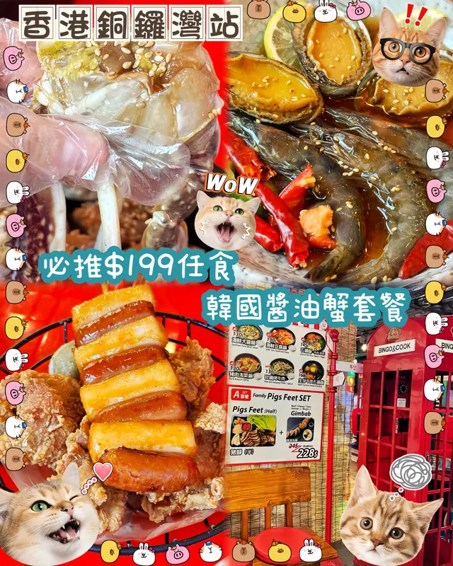 Bingo & Cook 🍗📍香港銅鑼灣駱克道491-499號京都廣場2樓(港鐵銅鑼灣站C出口,步行1分鐘)➽➽➽➽➽➽➽➽➽➽➽➽➽➽➽➽➽➽➽➽➽今次食既 $199 任食既醬油蟹套餐,當中包括左醬油蟹、蟹肉飯、炒牛肉、泡菜湯炸雞等等⋯⋯ 全部都係無限量任食😆。而佢地單點既醬油鮑魚同埋醬油蝦都好推介既。而環境方面,設有好多打卡位,鍾意影相既朋友仔就一定唔可以錯過啦~超有韓國feel😍。🌟 醬油蟹 無限任食 $199 (食物包括⏬️)🔺 醬油蟹+蟹肉飯🔺 烤肉🔺 醬油湯🔺炸雞🔺 醬油煎餅🔺餃子🔺飲品🌟醬油蝦 /3隻 $70🌟醬油鮑魚 / 3隻 $70🌟炸魷魚 $78➽➽➽➽➽➽➽➽➽➽➽➽➽➽➽➽➽➽➽➽➽…查看更多
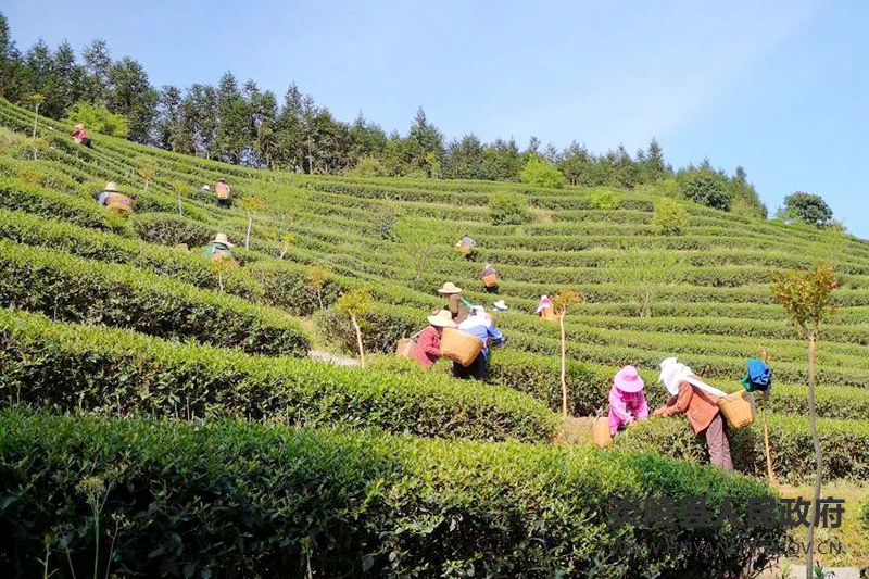 霞阳镇石子坝村村民们正在集体经济茶叶园内采摘春茶。
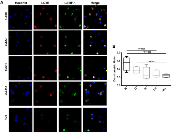 - Hsu, H.-C.; Chen, Y.-H.; Lin, T.-S.; Shen, C.-Y.; Hsieh, S.-C. Systemic lupus erythematosus is associated with impaired autophagic degradation via interleukin-6 in macrophages. Biochim. Biophys. Acta (BBA)—Mol. Basis Dis. 2020, 1867, 166027. [Google Scholar] [CrossRef]
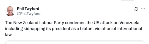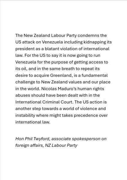 Well done Labour for stepping up and condemning the illegality of Trump’s actions against Venezuela. Now we want more, so think seriously about doing the same with Palestine. That situation is so appalling and totally out of control. Why hasn’t an International Court arrested the monster Netanyahu and narcissist Trump? So where is Luxon? Today it appears he is in Auckland announcing the conclusion of his FTA with India; now will we finally get FULL DETAILS or more ‘pie in the sky’? He must comprehend that few NZ’ers trust his motives or honesty. He is as corrupt as the rest of his mob so will be selling our souls down the river! We DON’T NEED more IMMIGRANTS โ we already can’t provide jobs for our own homegrown people!!!!! And thanks again media – when Millie Holmes is a prime focus you have really lost the plot!
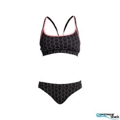 Firm fitting sports crop top with racer back and double strap bind finish with wide elastic for under bust support to give you the support you need in a sports top. Sold as separates and available in sizes 8 – 14.
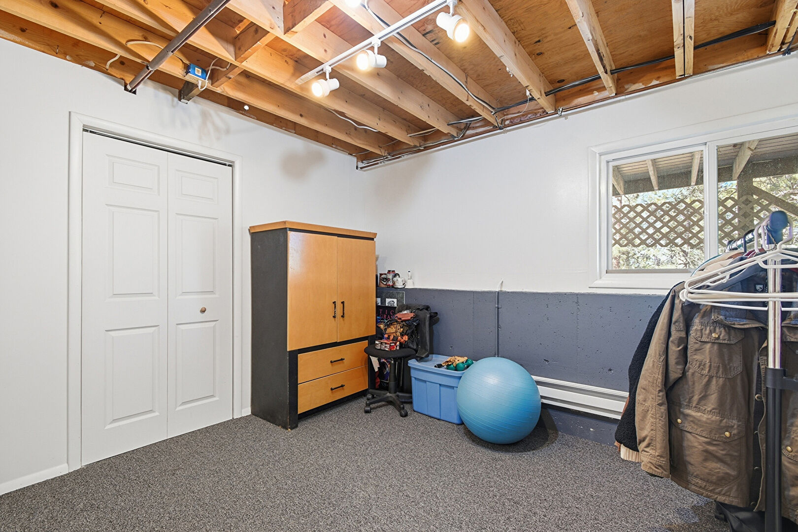 Baseboard Radiator, Baseboards Wall, Basement, Carpet, Drywall, Natural Light, Stairs, Track Lighting, Basement, Carpet
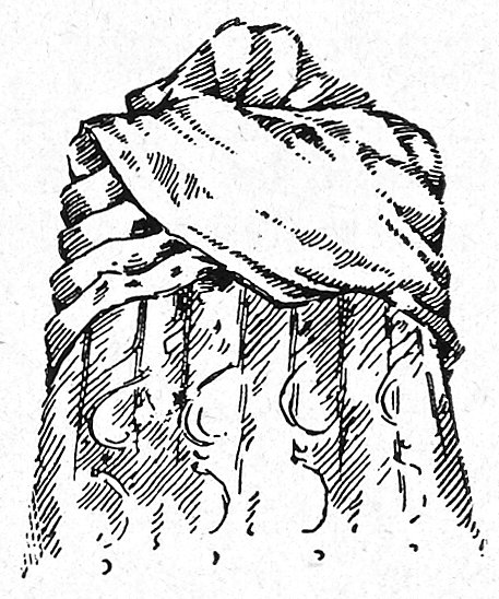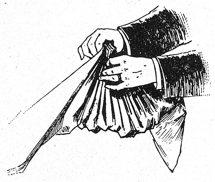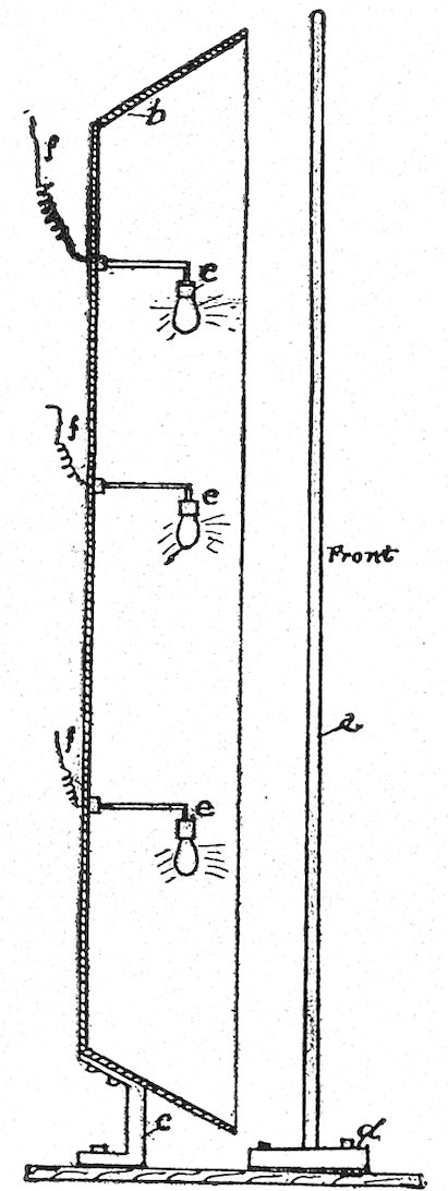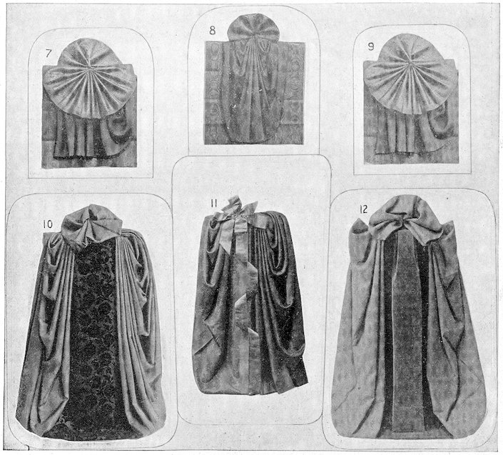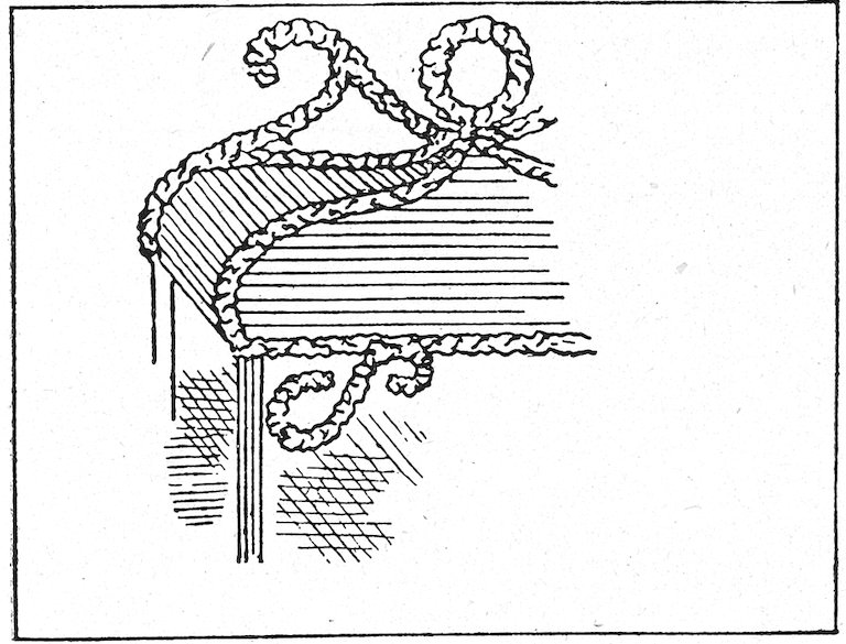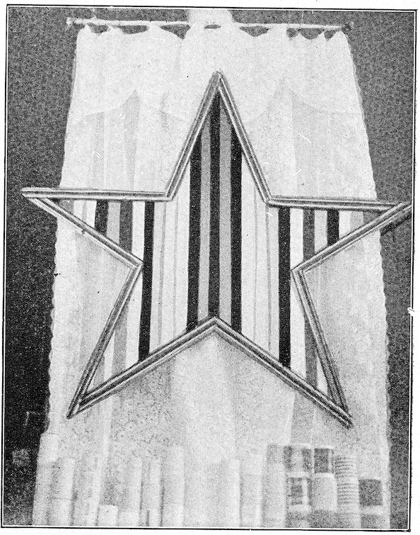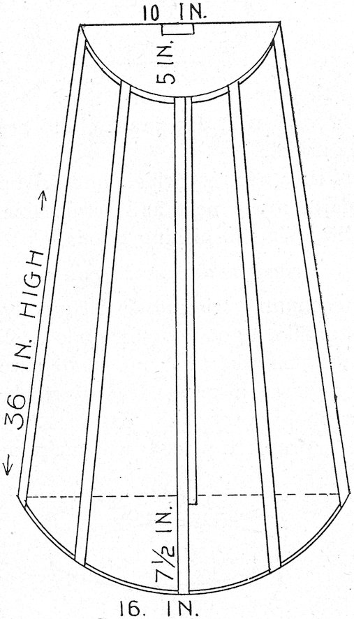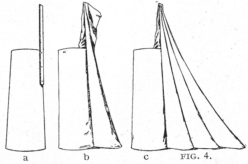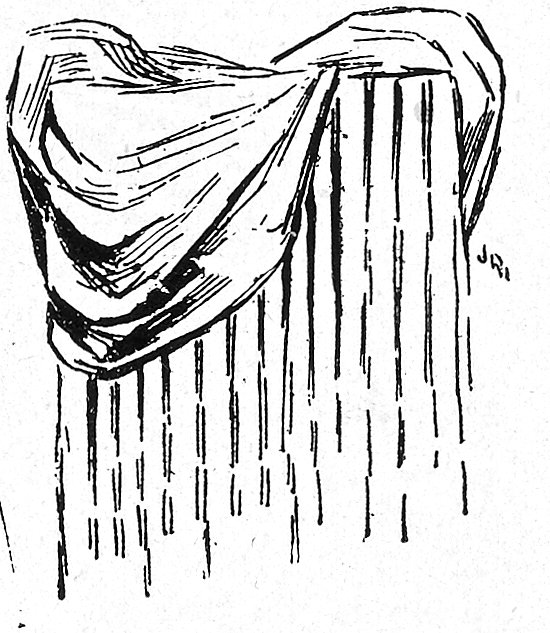 For upholstery work, such as pleating, puffing, draping and covering the frame with cloth, you will need a large pair of shears and an upholsterer’s hammer, which has a long, extended head. Also provide yourself with a small pincushion, 3 or 4 inches square, and put a loop of tape on opposite corners. These loops can be placed over two buttons of your vest, to hold it firmly in place, or you can pin the cushion by the loops to any part of your person. Don’t loan your tools to anyone. Keep them locked up in your tool box. Carry the box into the window with you, for then you have everything at hand you will be likely to need. Keep a supply of screw eyes and hooks, wire and cord in your box, for you will often need them. Tools for electrical work will be explained in the chapter on electrical designs.
======
Assignment
An exact reproduction of the data is required, with pictures excluded.

Your response
 Bingo & Cook 🍗📍香港銅鑼灣駱克道491-499號京都廣場2樓(港鐵銅鑼灣站C出口,步行1分鐘)➽➽➽➽➽➽➽➽➽➽➽➽➽➽➽➽➽➽➽➽➽今次食既 $199 任食既醬油蟹套餐,當中包括左醬油蟹、蟹肉飯、炒牛肉、泡菜湯炸雞等等⋯⋯ 全部都係無限量任食😆。而佢地單點既醬油鮑魚同埋醬油蝦都好推介既。而環境方面,設有好多打卡位,鍾意影相既朋友仔就一定唔可以錯過啦~超有韓國feel😍。🌟 醬油蟹 無限任食 $199 (食物包括⏬️)🔺 醬油蟹+蟹肉飯🔺 烤肉🔺 醬油湯🔺炸雞🔺 醬油煎餅🔺餃子🔺飲品🌟醬油蝦 /3隻 $70🌟醬油鮑魚 / 3隻 $70🌟炸魷魚 $78➽➽➽➽➽➽➽➽➽➽➽➽➽➽➽➽➽➽➽➽➽…查看更多
 霞阳镇石子坝村村民们正在集体经济茶叶园内采摘春茶。
 - Hsu, H.-C.; Chen, Y.-H.; Lin, T.-S.; Shen, C.-Y.; Hsieh, S.-C. Systemic lupus erythematosus is associated with impaired autophagic degradation via interleukin-6 in macrophages. Biochim. Biophys. Acta (BBA)—Mol. Basis Dis. 2020, 1867, 166027. [Google Scholar] [CrossRef]
 Well done Labour for stepping up and condemning the illegality of Trump’s actions against Venezuela. Now we want more, so think seriously about doing the same with Palestine. That situation is so appalling and totally out of control. Why hasn’t an International Court arrested the monster Netanyahu and narcissist Trump? So where is Luxon? Today it appears he is in Auckland announcing the conclusion of his FTA with India; now will we finally get FULL DETAILS or more ‘pie in the sky’? He must comprehend that few NZ’ers trust his motives or honesty. He is as corrupt as the rest of his mob so will be selling our souls down the river! We DON’T NEED more IMMIGRANTS โ we already can’t provide jobs for our own homegrown people!!!!! And thanks again media – when Millie Holmes is a prime focus you have really lost the plot!
 Firm fitting sports crop top with racer back and double strap bind finish with wide elastic for under bust support to give you the support you need in a sports top. Sold as separates and available in sizes 8 – 14.
 Baseboard Radiator, Baseboards Wall, Basement, Carpet, Drywall, Natural Light, Stairs, Track Lighting, Basement, Carpet
 For upholstery work, such as pleating, puffing, draping and covering the frame with cloth, you will need a large pair of shears and an upholsterer’s hammer, which has a long, extended head. Also provide yourself with a small pincushion, 3 or 4 inches square, and put a loop of tape on opposite corners. These loops can be placed over two buttons of your vest, to hold it firmly in place, or you can pin the cushion by the loops to any part of your person. Don’t loan your tools to anyone. Keep them locked up in your tool box. Carry the box into the window with you, for then you have everything at hand you will be likely to need. Keep a supply of screw eyes and hooks, wire and cord in your box, for you will often need them. Tools for electrical work will be explained in the chapter on electrical designs.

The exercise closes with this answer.